For Jameson, various attempts to grapple with reality have given way to a banal and bland memoirism, in which things “have not been transformed, or lent some higher meaning; […] Nor are they lifted into the timeless eternity of classical literature, posterity and the canon.” Shabason, Krgovich, Sage has a similar quality: its lists are made by apolitical observers who have little use for metaphor or transcendence, and who have mostly yielded to confusion, consumption, or age.
But music is not literature, and Krgovich’s airy intonation is itself a transformation of daily life, if not an “estrangement.” Many of Shabason’s musical influences are recognizable as commodities, relics of a consumerist white noise that now seems both comforting and alienating. Rather than merely “list[ing] the items that come by,” Shabason & co. have made waiting-room music that explores what it’s like to wait.
Itemization, after all, is not a bad description for what happens at the beginning of thought, rather than at its worn-out end. The world is full of ambivalent intervals in which the mind can only idle: traffic jams, checkout lines, subway platforms, DMVs, carpools, restaurants, beds and couches before sleep. There is often a wide space between noticing something and enlisting it into the sterner categories of opinion, conclusion, and belief. The function of Muzak is to fill that space with familiarity, to distract customers or put them at ease. Shabason, Krgovich, Sage, on the other hand, dignifies aimless thinking in its own ambient idiom, a mood music of eccentric particulars rather than generic emotional clichés.
While writing this, I realized that, with a few exceptions, I don’t hear Muzak that much anymore. Or smooth jazz, mood music, and all those minor subgenres of Shabason’s anachronistic palette. Playlists are generated on streaming platforms; much of our idling now happens online; out in the world, we wear headphones and earbuds. Muzak, it turns out, declared bankruptcy in 2009.

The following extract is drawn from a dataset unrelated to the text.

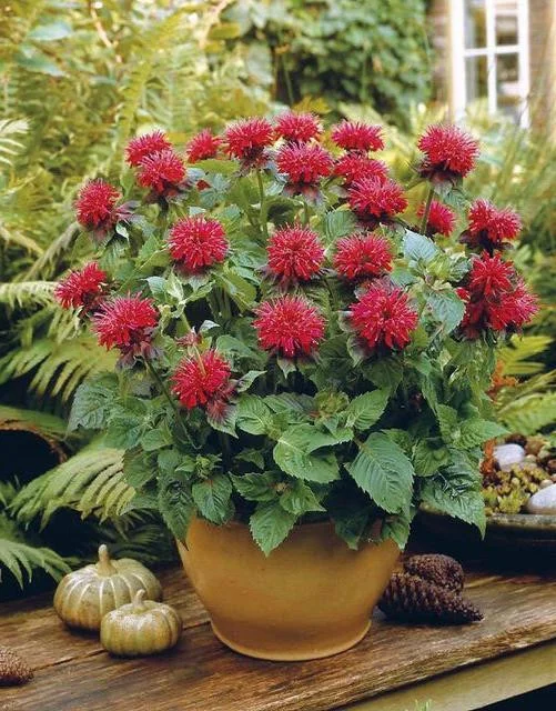 Рассада монарды (дикого бергамота) гибридной Fireball относится к одним из неприхотливых растений, которые подходят для выращивания в смешанных цветниках. Многолетник хорошо переносит любые почвы и разные уровни освещенности. В уходе сорт не требователен. Высота монарды гибридной Fireball около 70-80 сантиметров. Плотные шарообразные цветки имеют винно-красный цвет и украшают куст с июня по август. Они источают приятный цветочный аромат и привлекают на участок пчел.
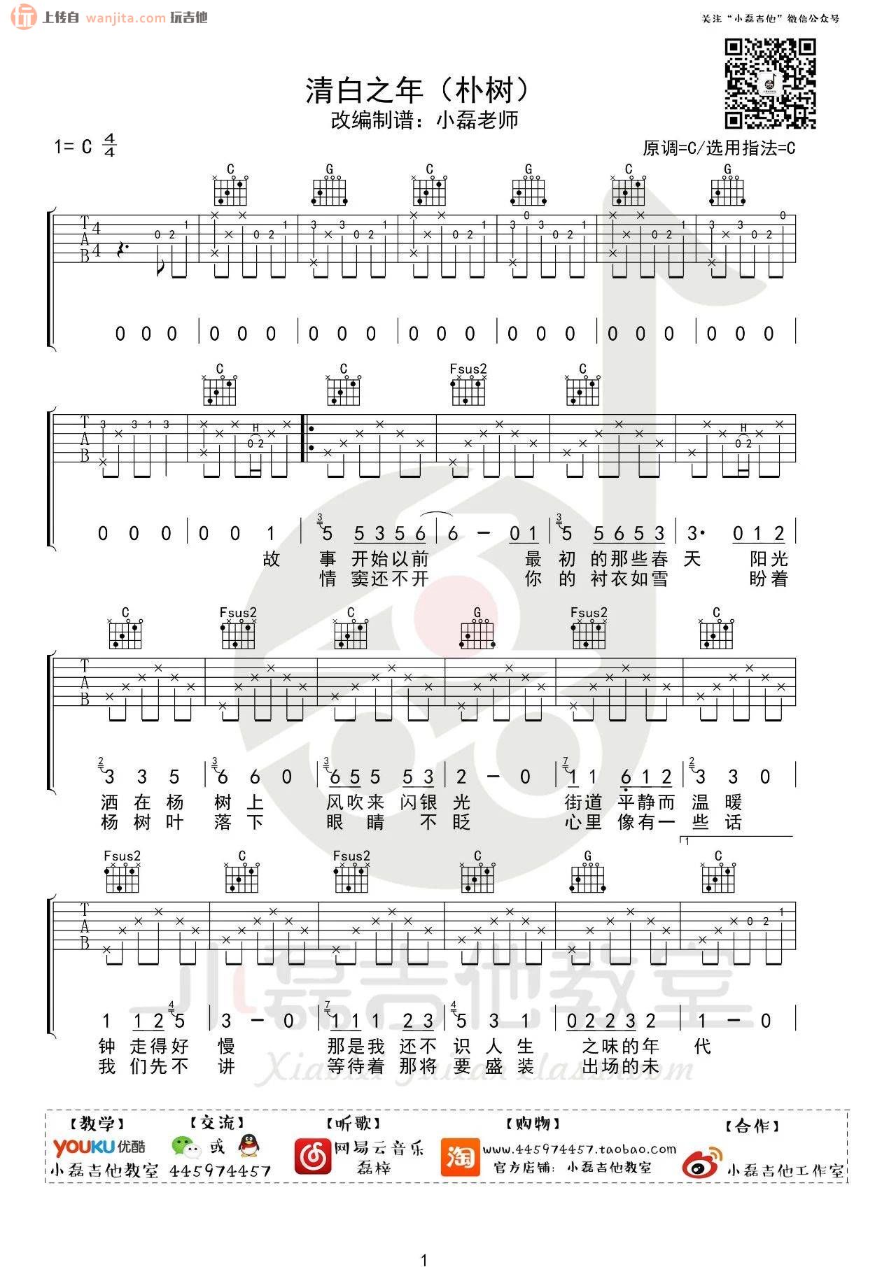 清白之年吉他谱 - 朴树 - C调吉他弹唱谱 - 原版

If there is a Muzak of today, it is not music at all but video. Our ever-present smartphones, of course, but also all the muted screens recently mounted on subway platforms, by gas pumps, in elevators, even on the sidewalks. Often the best we can do is refocus our attention, itemizing and incorporating minor things that stir our memory and curiosity.
On “Bruce,” Krgovich sings:
This world is dumb
And so many other things
I can smell the spring flowers
Atop the forest fire smoke
To find new ways of rendering the world, one has to notice it first.